> What you will do
Each record below should be output verbatim, without pictures.

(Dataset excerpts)
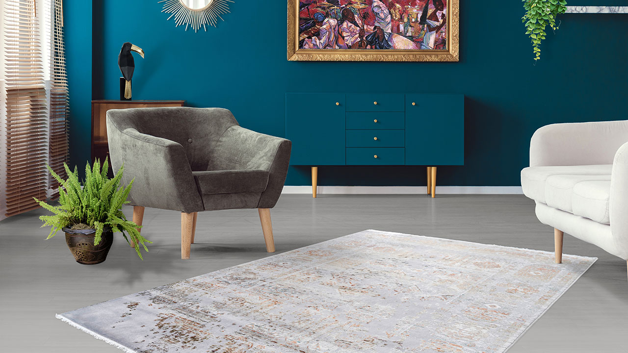 Setzen Sie mit diesem Teppich Akzente. Der attraktive Vintage-Look kann sich durch die Kombination mit der modernen Farbgestaltung in modernen und in klassischen Einrichtungen sehen lassen. Er harmoniert ideal mit Ihrem Mobiliar und sorgt für einen schönen Vintage-Charakter in Ihrem Zuhause. Mittig im Raum platziert wird der Flachflorteppich sofort zum Blickfang und schafft ein ganz neues Raumklima. Integriert in eine Wohnlandschaft bringt er ein Gefühl von Wärme und Komfort mit sich, das durch die natürlichen, farblich angepassten Fransen an den Enden verstärkt wird.
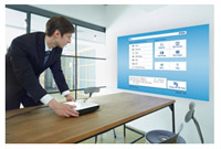 Even though its light weight and compact size enables it to be carried from room to room, the projector is capable of highly visible images thanks to its high brightness (up to 4,200lm) and superior 15,000:1 contrast ratio. Room lights don't have to be dimmed to see bright and clearly projected images, allowing meeting participants to concentrate better for improved meeting productivity.
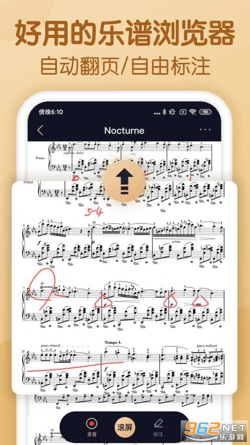 【自动滚动翻页】在演奏过程中手动翻谱往往会手忙脚乱且容易出错,自动滚动翻页恰好能帮你解放双手,专心演奏,快调节到合适的速度试试吧!
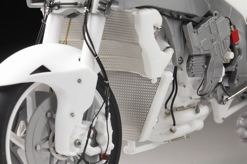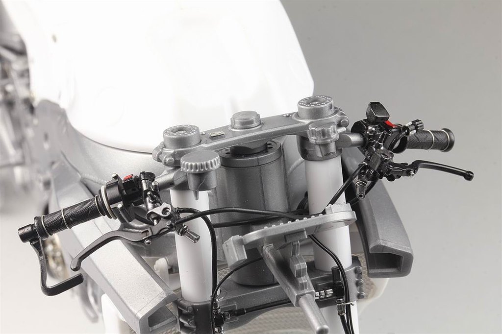 There is plenty in this set to add detail to your Tamiya bike kit, with many of the sets available separately too. We have new twist grips and levers, numerous sensors for the engine, wiring and connectors, a clutch kit, steering damper, swing arm fixings, a machined exhaust tail pipe and myriad other tiny etched components.
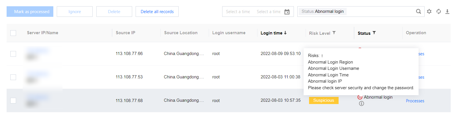 Edit: Re-edit the login source IP, login username, login time, usual login location, covered servers, etc.
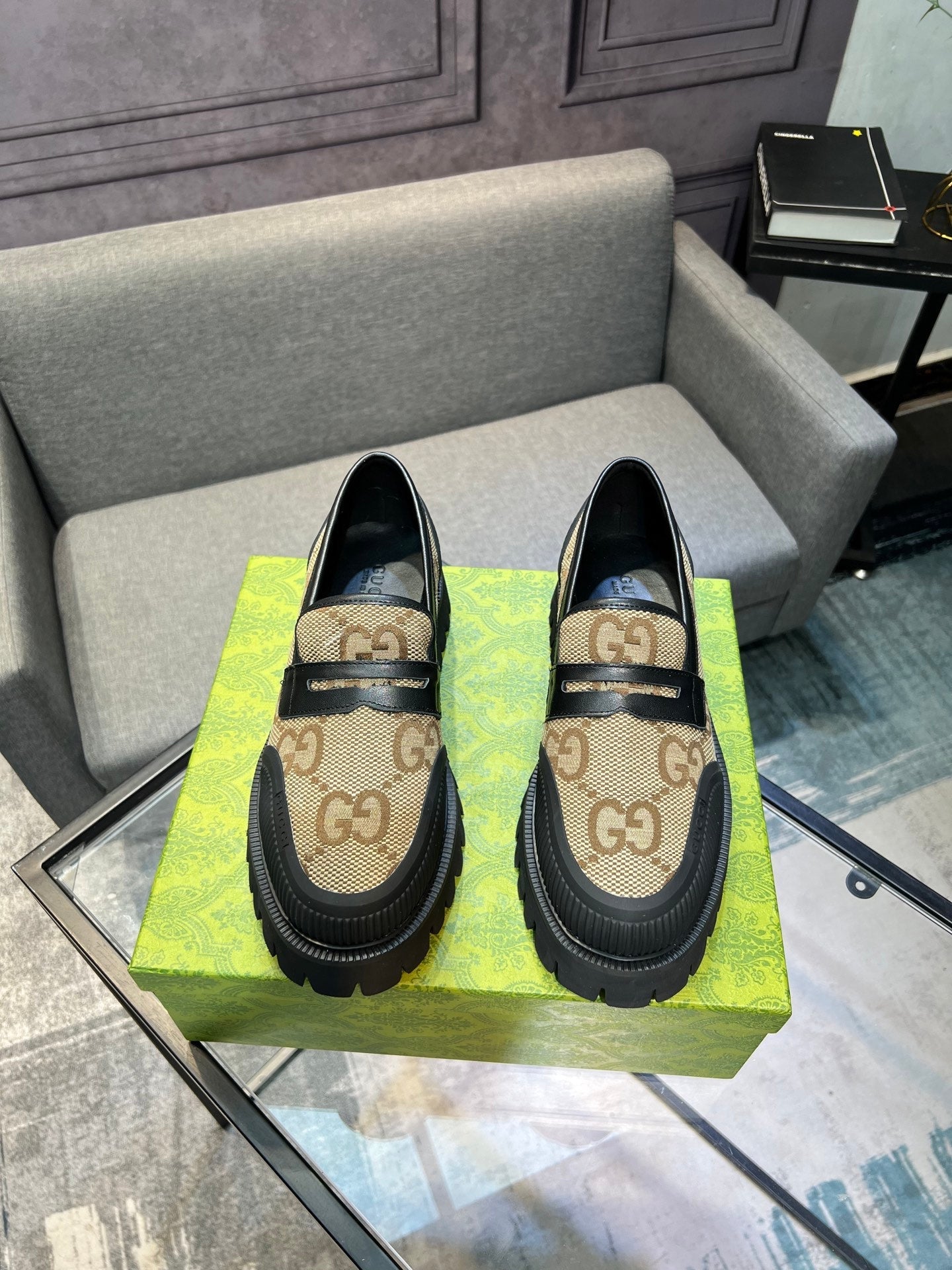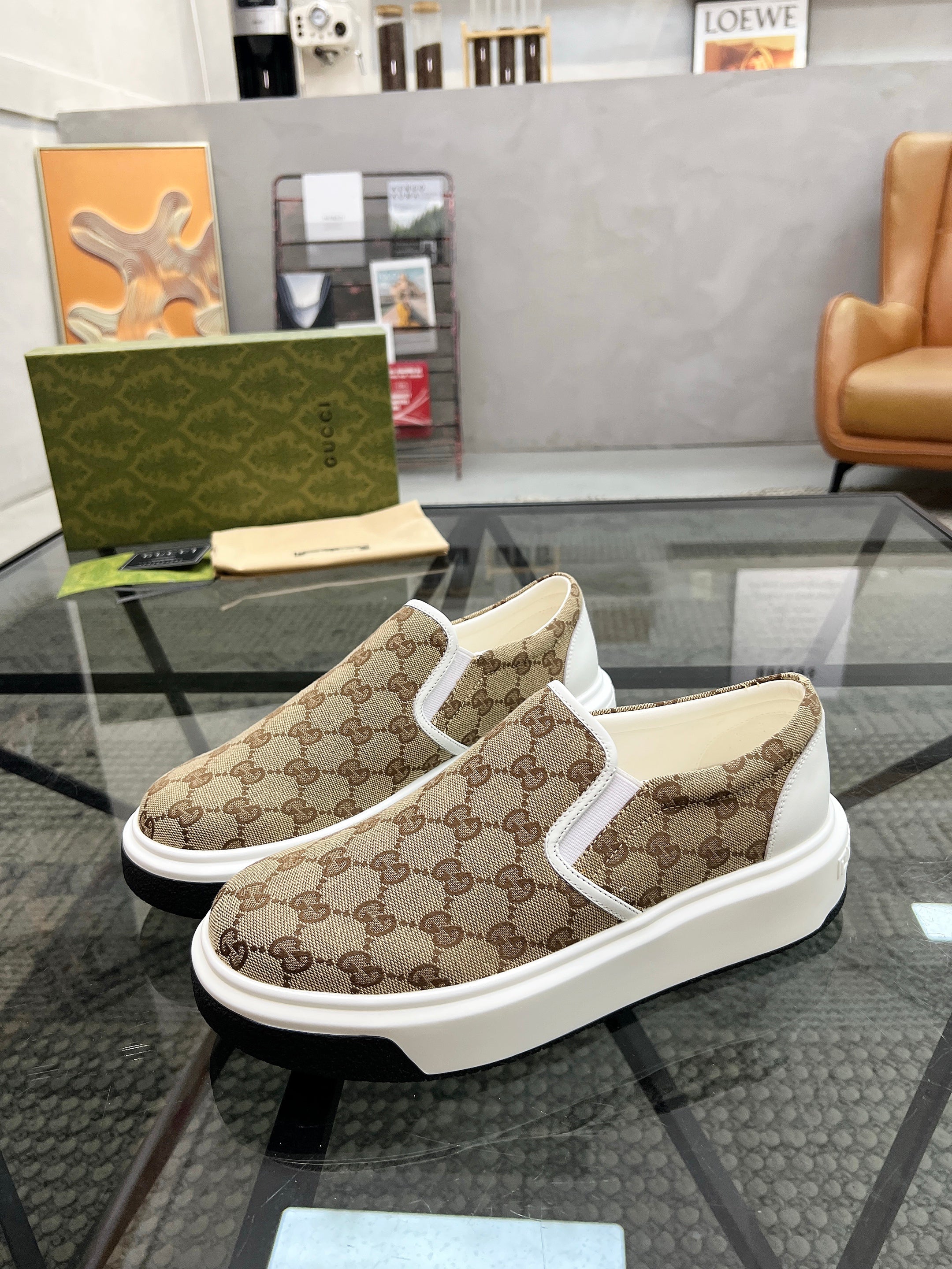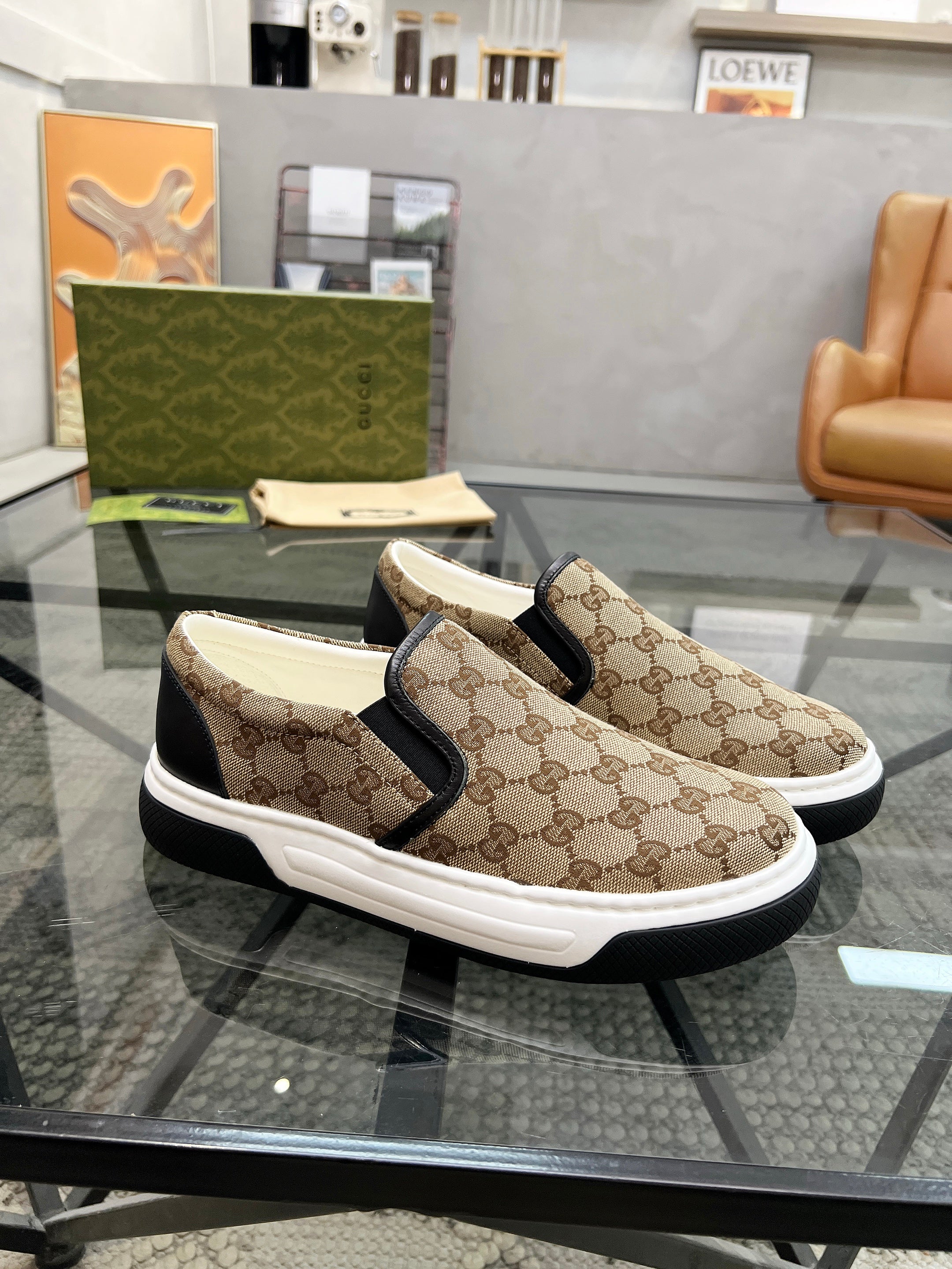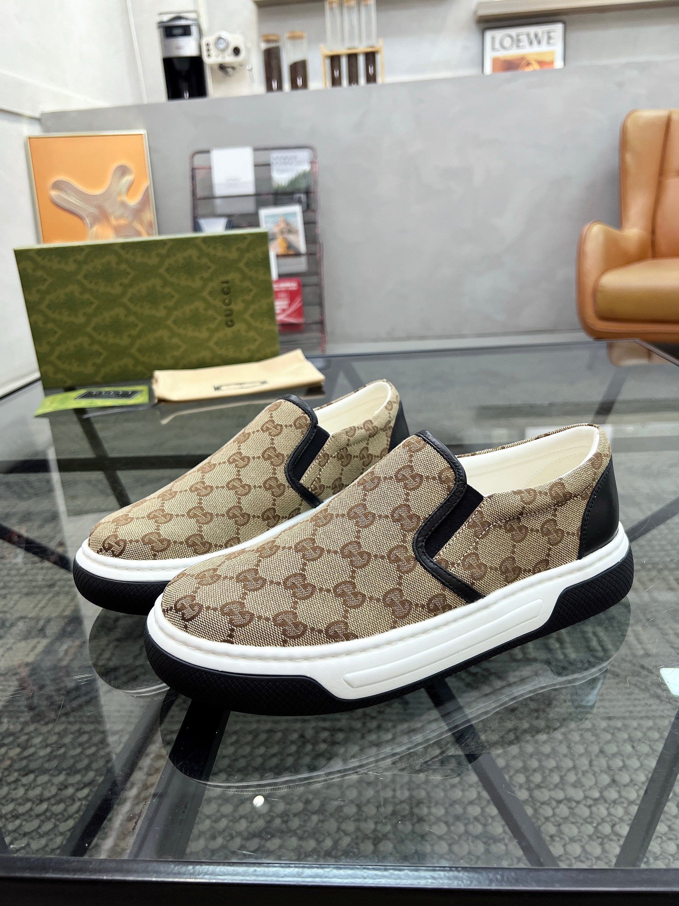 GG Men's 25 Maxi GG Loafer Brown Black Canvas 720786

> Response below
 Setzen Sie mit diesem Teppich Akzente. Der attraktive Vintage-Look kann sich durch die Kombination mit der modernen Farbgestaltung in modernen und in klassischen Einrichtungen sehen lassen. Er harmoniert ideal mit Ihrem Mobiliar und sorgt für einen schönen Vintage-Charakter in Ihrem Zuhause. Mittig im Raum platziert wird der Flachflorteppich sofort zum Blickfang und schafft ein ganz neues Raumklima. Integriert in eine Wohnlandschaft bringt er ein Gefühl von Wärme und Komfort mit sich, das durch die natürlichen, farblich angepassten Fransen an den Enden verstärkt wird.
 Even though its light weight and compact size enables it to be carried from room to room, the projector is capable of highly visible images thanks to its high brightness (up to 4,200lm) and superior 15,000:1 contrast ratio. Room lights don't have to be dimmed to see bright and clearly projected images, allowing meeting participants to concentrate better for improved meeting productivity.
 【自动滚动翻页】在演奏过程中手动翻谱往往会手忙脚乱且容易出错,自动滚动翻页恰好能帮你解放双手,专心演奏,快调节到合适的速度试试吧!
 There is plenty in this set to add detail to your Tamiya bike kit, with many of the sets available separately too. We have new twist grips and levers, numerous sensors for the engine, wiring and connectors, a clutch kit, steering damper, swing arm fixings, a machined exhaust tail pipe and myriad other tiny etched components.
 Edit: Re-edit the login source IP, login username, login time, usual login location, covered servers, etc.
 GG Men's 25 Maxi GG Loafer Brown Black Canvas 720786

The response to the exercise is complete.